For Carroll, North Street is a place she can show up as her authentic self and trust her neighbors to support her with her disabilities. Both she and Lincicome talk about how the community creates long-lasting relationships between residents, allowing able-bodied residents to knowledgeably and empathetically show up and serve their neighbors with disabilities.
“They’re our friends, they’re our neighbors,” Lincicome says. Thanks to Medicaid funding, those same neighbors can also be trained and paid caregivers, supporting Meek and Lincicome with tasks like lifting him into his wheelchair-accessible van, assisting with medications, and helping him communicate. These responsibilities require specialized skills, and receiving expert care from people who truly know and care for them, just next door, is a rare experience.
Lincicome describes North Street’s ecosystem of care as a rare oasis in a world that often isolates and erases people with disabilities and their caregivers. Instead, their community members understand what life is like for an at-home caregiver and a person with a significant disability. That understanding, explains Linciome, ensures that, “our world doesn’t close into the size of the four walls of our home. Our world is much bigger.”
However, for residents like Meek, Carroll, and Lincicome, living in North Street would not be possible without Medicaid funding.
Medicaid pays for Meek’s home and community supports, including Lincicome, who’s been a caretaker in his life for 31 years. They first met when Meek was just six years old and Lincicome was in college. Lincicome assisted Meek and his family until, as an adult, Meek moved in with her as his full-time at-home caregiver.
The rest of Meek’s medical services are sustained by a patchwork of health insurance. Contributions from Social Security Income (SSI), Medicaid, and Medicare are still not enough to cover all of Meek’s medical costs. Meek’s wheelchair, equipped with a computer communication device, his prescriptions, multiple specialists, and full-time caregiving needs are expensive. While Medicaid has been vital, it’s never been enough by itself and is difficult to access.

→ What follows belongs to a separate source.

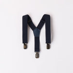 Bretelle per bambino Sarabanda realizzate in tessuto elastico. Il modello presenta chiusure a clip in metallo e rinforzo dorsale sul retro. Le bretelle sono regolabili e fanno parte della collezione S Premium Sarabanda pensata per vestire le cerimonie più formali dei bambini

Lincicome says they’re lucky. Meek’s family has the financial resources to help fill in the gaps, something many people with disabilities don’t have.
Carroll, who was arrested for protesting Trump’s budget bill in June, also relies on Medicaid. She shares that without the same financial resources, she’s often been left to navigate inaccessible and complex healthcare systems alone. For example, three years after receiving a power assist for her manual wheelchair, she was suddenly billed $6,000 because her Medicaid “wasn’t properly authorized.” After days of phone calls with uncooperative insurance reps, the charge was finally dropped and the device covered. Jumping through constant hoops to receive adequate health insurance for her disability is exhausting for Carroll, and requires additional advocates in her life to help navigate not only daily tasks, but hostile healthcare structures.
Medicaid needed improvements, not cuts, says Lincicome. “We’re not rolling around in benefits. It doesn’t cover everything. It’s really hard to navigate and to access. There are so many rules that seem to contradict each other and have kinds of discrimination built into it.”
Carroll recently found a caregiver covered by Medicaid. Her caregiver assists with tasks like cooking, cleaning, managing medications, and most importantly, advocating alongside her at medical appointments. Previously, Carroll leaned on friends at North Street for support, but ultimately needed the consistent, specialized care that long-term at-home caretakers provide to people with disabilities.
Although Medicaid – like any health insurance in this country – is confusing and hard to access, it’s the only healthcare Carroll has to support vital medical services.
Medicaid cuts threaten HCBS programs
Carroll and Meek are not alone. More than 1 in 5 Medicaid enrollees have a disability. And nearly half of Medicaid enrollees with a disability have difficulties living independently and require long-term at-home care. Today there’s roughly 6 million people who use Medicaid for long-term direct care support and more than 700,000 people currently on a Medicaid waiver waiting list to receive home and community based services (HCBS).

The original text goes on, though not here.